**STORED DATA:**
┄┄┄┄┄┄┄┄┄┄

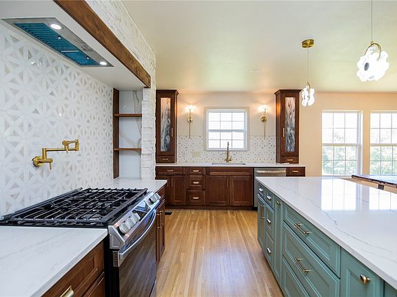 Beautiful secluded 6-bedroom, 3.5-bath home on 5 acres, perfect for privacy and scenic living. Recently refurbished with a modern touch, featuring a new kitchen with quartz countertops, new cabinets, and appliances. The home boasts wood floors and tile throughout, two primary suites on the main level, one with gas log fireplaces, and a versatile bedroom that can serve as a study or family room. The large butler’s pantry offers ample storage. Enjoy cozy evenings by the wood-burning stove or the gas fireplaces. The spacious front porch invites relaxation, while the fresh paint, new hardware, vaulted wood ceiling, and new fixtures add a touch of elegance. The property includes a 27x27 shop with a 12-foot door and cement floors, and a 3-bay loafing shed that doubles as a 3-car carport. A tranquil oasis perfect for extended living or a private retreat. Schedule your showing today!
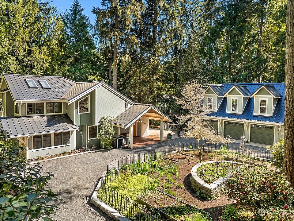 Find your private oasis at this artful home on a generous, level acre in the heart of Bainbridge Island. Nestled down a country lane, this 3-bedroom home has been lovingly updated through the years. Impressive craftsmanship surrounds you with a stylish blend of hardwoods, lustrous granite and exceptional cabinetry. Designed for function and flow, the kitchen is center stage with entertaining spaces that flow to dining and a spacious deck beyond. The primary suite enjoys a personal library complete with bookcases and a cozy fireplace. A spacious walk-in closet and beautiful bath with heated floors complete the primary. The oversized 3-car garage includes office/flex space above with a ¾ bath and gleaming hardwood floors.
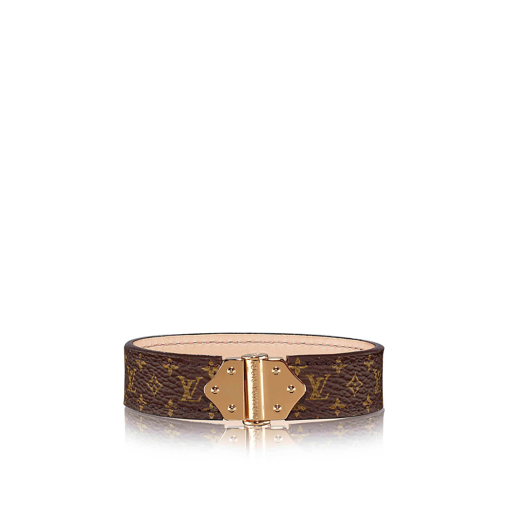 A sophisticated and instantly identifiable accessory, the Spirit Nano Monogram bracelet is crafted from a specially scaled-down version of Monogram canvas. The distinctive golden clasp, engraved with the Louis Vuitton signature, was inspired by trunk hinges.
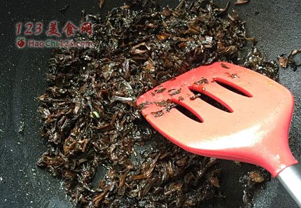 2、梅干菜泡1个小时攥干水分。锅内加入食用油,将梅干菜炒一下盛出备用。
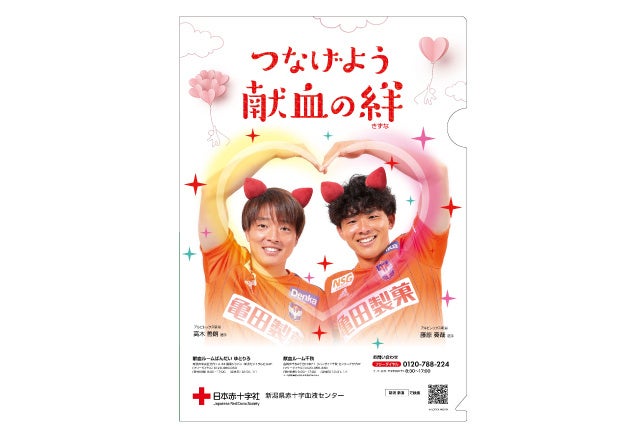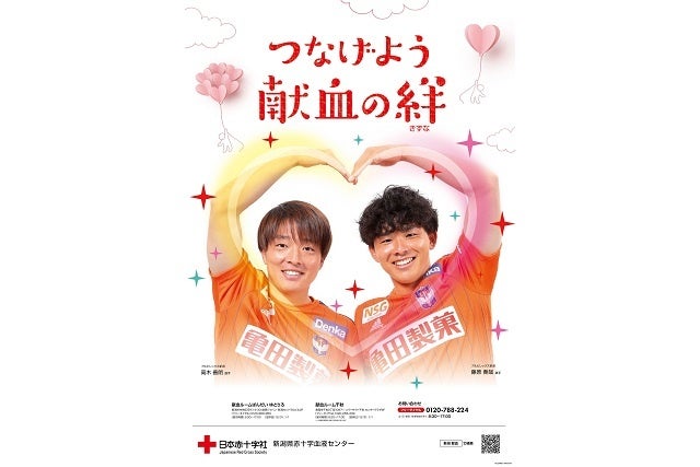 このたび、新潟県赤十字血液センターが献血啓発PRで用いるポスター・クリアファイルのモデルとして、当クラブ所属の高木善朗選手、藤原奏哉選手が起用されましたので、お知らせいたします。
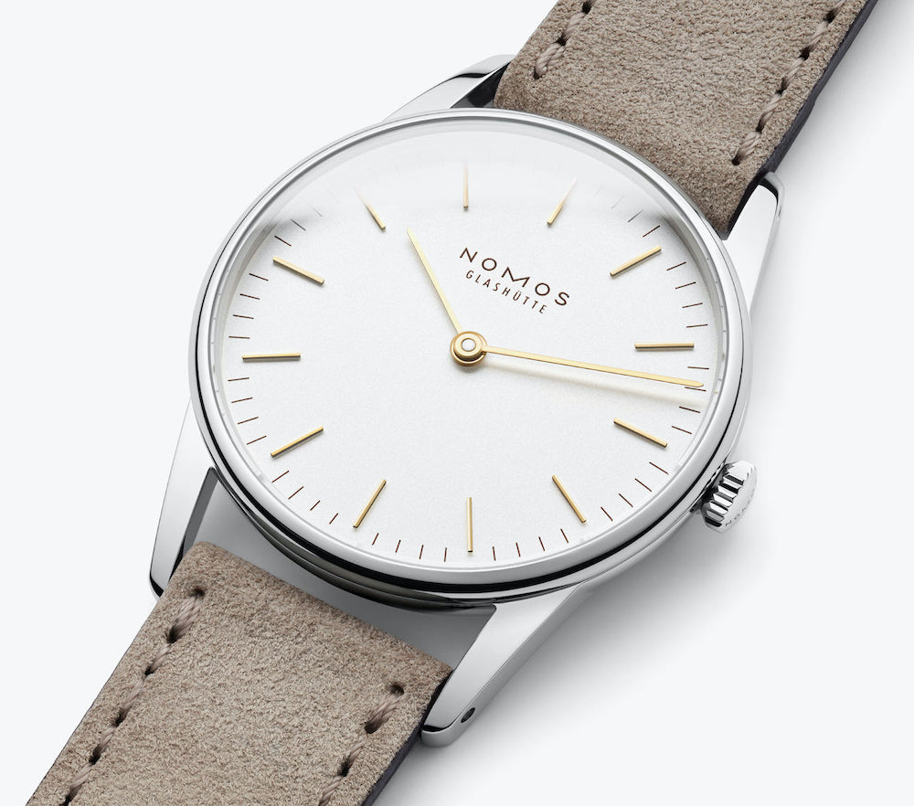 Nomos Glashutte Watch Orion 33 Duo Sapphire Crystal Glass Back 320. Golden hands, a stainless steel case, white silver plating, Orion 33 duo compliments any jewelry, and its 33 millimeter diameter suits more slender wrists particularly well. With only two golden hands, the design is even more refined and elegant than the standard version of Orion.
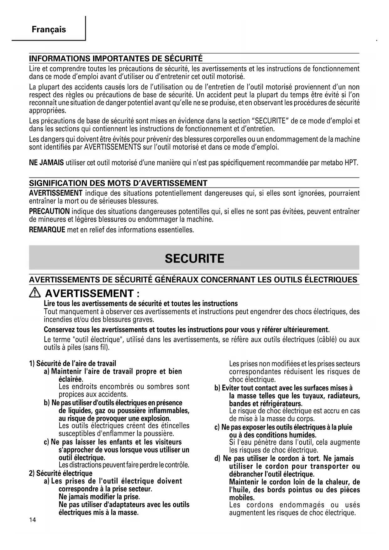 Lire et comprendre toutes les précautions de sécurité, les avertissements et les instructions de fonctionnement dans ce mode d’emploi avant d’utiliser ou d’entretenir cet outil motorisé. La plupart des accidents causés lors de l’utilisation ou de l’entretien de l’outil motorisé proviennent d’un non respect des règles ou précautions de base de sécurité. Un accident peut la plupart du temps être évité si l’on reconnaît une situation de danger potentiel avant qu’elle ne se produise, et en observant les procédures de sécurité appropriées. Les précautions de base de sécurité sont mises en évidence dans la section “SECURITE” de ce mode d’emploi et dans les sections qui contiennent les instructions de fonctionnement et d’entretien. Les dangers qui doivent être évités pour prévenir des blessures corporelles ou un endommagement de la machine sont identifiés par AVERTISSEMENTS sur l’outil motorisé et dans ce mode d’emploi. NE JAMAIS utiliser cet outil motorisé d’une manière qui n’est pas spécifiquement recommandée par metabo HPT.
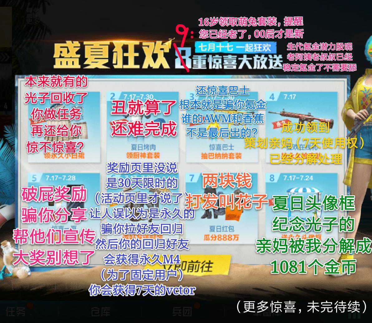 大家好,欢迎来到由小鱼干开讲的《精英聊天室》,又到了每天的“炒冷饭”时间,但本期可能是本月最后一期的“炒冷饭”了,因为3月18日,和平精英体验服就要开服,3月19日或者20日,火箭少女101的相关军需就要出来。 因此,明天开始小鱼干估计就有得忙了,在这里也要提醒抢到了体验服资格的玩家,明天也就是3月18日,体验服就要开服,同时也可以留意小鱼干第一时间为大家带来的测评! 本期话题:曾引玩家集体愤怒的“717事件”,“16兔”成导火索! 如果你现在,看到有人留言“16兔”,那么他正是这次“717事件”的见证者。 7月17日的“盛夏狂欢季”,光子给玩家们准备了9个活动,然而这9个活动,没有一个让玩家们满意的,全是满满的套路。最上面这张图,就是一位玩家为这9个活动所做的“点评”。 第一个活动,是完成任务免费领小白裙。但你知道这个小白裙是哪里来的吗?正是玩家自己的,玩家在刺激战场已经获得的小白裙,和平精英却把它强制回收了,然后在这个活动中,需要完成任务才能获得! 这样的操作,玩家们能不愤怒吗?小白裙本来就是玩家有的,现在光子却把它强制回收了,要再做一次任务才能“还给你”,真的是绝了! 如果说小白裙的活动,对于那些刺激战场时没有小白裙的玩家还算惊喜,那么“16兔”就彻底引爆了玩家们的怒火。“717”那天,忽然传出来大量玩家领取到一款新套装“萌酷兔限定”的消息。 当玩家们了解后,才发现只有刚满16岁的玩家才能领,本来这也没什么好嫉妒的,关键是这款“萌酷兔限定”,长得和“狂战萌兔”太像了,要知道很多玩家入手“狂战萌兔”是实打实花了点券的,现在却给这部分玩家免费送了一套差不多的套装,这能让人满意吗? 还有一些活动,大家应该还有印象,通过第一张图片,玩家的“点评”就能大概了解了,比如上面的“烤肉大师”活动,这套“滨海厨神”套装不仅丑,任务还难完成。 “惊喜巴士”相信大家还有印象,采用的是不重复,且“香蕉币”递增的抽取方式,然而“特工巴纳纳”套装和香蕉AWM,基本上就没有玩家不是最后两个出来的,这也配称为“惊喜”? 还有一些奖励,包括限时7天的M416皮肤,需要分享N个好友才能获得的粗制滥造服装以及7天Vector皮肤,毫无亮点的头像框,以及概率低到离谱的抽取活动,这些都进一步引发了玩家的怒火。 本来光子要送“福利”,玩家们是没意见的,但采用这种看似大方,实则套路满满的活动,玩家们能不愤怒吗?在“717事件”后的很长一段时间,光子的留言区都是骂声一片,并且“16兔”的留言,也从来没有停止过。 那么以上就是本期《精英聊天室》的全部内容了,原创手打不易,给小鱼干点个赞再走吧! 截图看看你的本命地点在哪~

┄┄┄┄┄┄┄┄┄┄

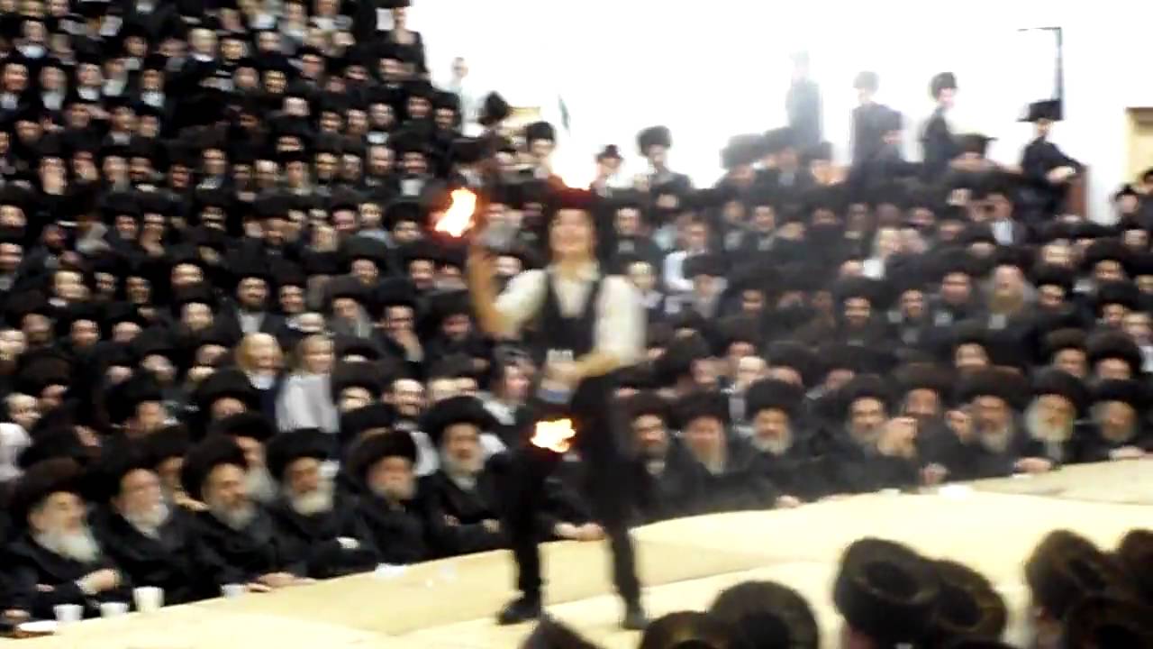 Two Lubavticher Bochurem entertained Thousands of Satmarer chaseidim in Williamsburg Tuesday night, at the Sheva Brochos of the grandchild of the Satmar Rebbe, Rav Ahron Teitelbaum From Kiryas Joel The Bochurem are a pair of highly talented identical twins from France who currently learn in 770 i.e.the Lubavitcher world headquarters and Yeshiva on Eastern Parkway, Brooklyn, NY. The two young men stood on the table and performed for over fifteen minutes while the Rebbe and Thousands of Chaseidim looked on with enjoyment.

┄┄┄┄┄┄┄┄┄┄

What to print is the stretch of entries from the line with "A sophisticated and" up to and including the line with "このたび、新潟県赤十字血液セ". Please print it exactly and leave out the pictures.

 A sophisticated and instantly identifiable accessory, the Spirit Nano Monogram bracelet is crafted from a specially scaled-down version of Monogram canvas. The distinctive golden clasp, engraved with the Louis Vuitton signature, was inspired by trunk hinges.
 2、梅干菜泡1个小时攥干水分。锅内加入食用油,将梅干菜炒一下盛出备用。
 このたび、新潟県赤十字血液センターが献血啓発PRで用いるポスター・クリアファイルのモデルとして、当クラブ所属の高木善朗選手、藤原奏哉選手が起用されましたので、お知らせいたします。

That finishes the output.